Building AutoBreaker: Architecture & Design Decisions#

Introduction#

Circuit breakers are a fundamental pattern for building resilient distributed systems. They protect services from cascading failures by detecting unhealthy backends and failing fast instead of waiting for timeouts. The pattern is well-understood, widely adopted, and seemingly straightforward.

Yet most implementations share a critical flaw: they use static failure thresholds that break down under real-world traffic conditions.

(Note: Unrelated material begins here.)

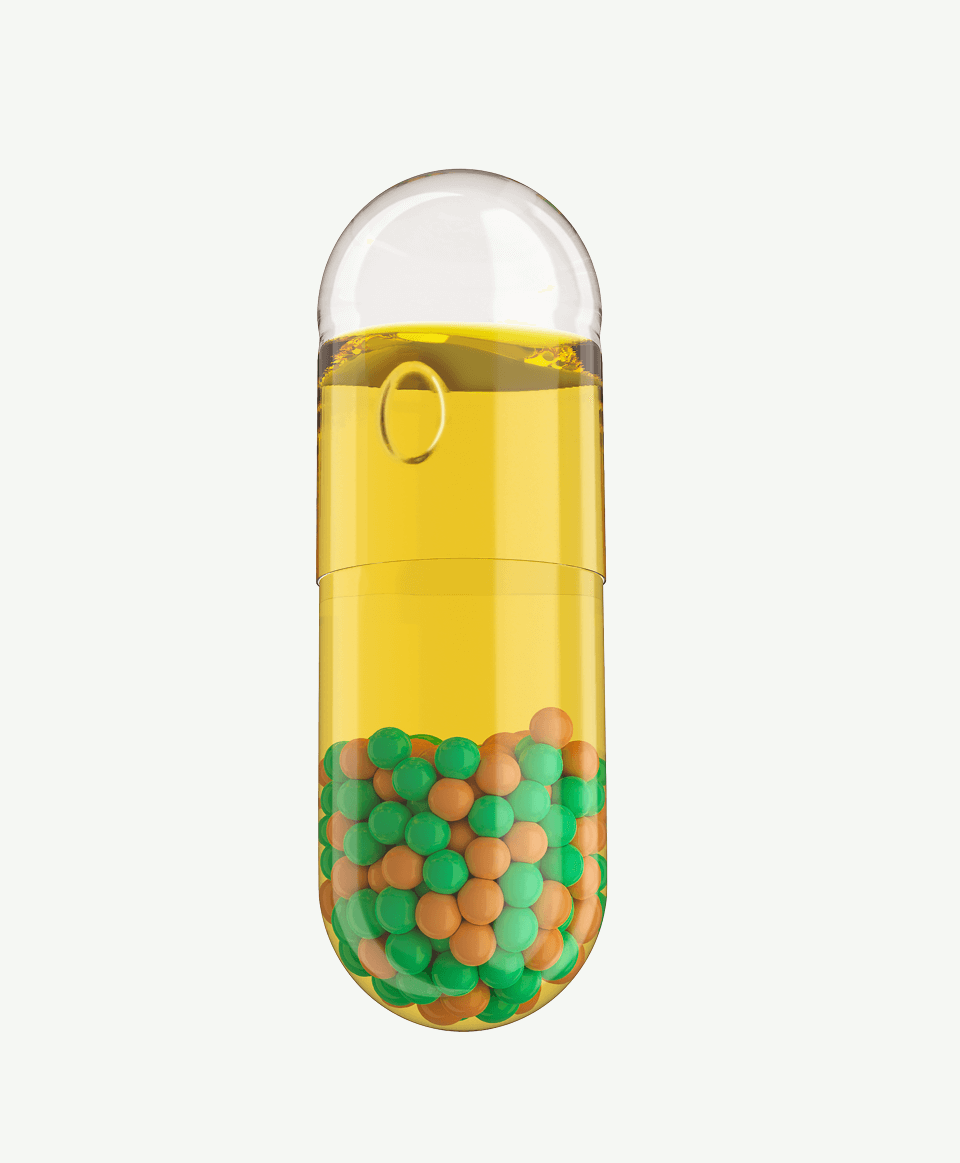 We can create a variety of liquid-filled hard capsules with different fill combinations. Your unique fill combination can impart a distinct and attractive visual identity to your product.

This guide examines why traditional circuit breakers struggle with variable traffic, presents AutoBreaker’s solution using adaptive percentage-based thresholds, and explores the architecture of a production-grade implementation optimized for both performance and observability.

The Problem with Static Thresholds#

Traditional circuit breakers trip when a fixed number of failures occurs within a time window. For example: “open the circuit after 10 failures in 60 seconds.”

This approach appears sensible until you consider how it behaves across different traffic volumes:

High Traffic Scenario (1000 requests/minute):

10 failures = 1% error rate
Circuit trips at 1% errors (too sensitive)
Results in false positives during minor hiccups
Degrades availability unnecessarily

Low Traffic Scenario (10 requests/minute):

10 failures = 100% error rate
Waits for complete failure before protection
Results in slow detection and recovery
Allows extended periods of failed requests

The Core Issue: The same absolute threshold (10 failures) represents vastly different failure rates depending on traffic volume. No single static value works well across both scenarios.

This becomes particularly problematic in practice:

Development environments (low traffic) need different thresholds than production (high traffic)
Traffic patterns vary throughout the day, week, and year
Services experience traffic spikes during incidents, load tests, or viral events
Microservices architectures create diverse traffic patterns across different service boundaries

Manual threshold tuning for each environment and traffic pattern is fragile, error-prone, and doesn’t adapt to changing conditions.

The Solution: Percentage-Based Adaptive Thresholds#

Instead of counting absolute failures, adaptive circuit breakers calculate the failure rate as a percentage of recent requests:

1
2
3
Failure Rate = (Failed Requests / Total Requests) × 100%

Trip Condition: Failure Rate > Threshold (e.g., 5%)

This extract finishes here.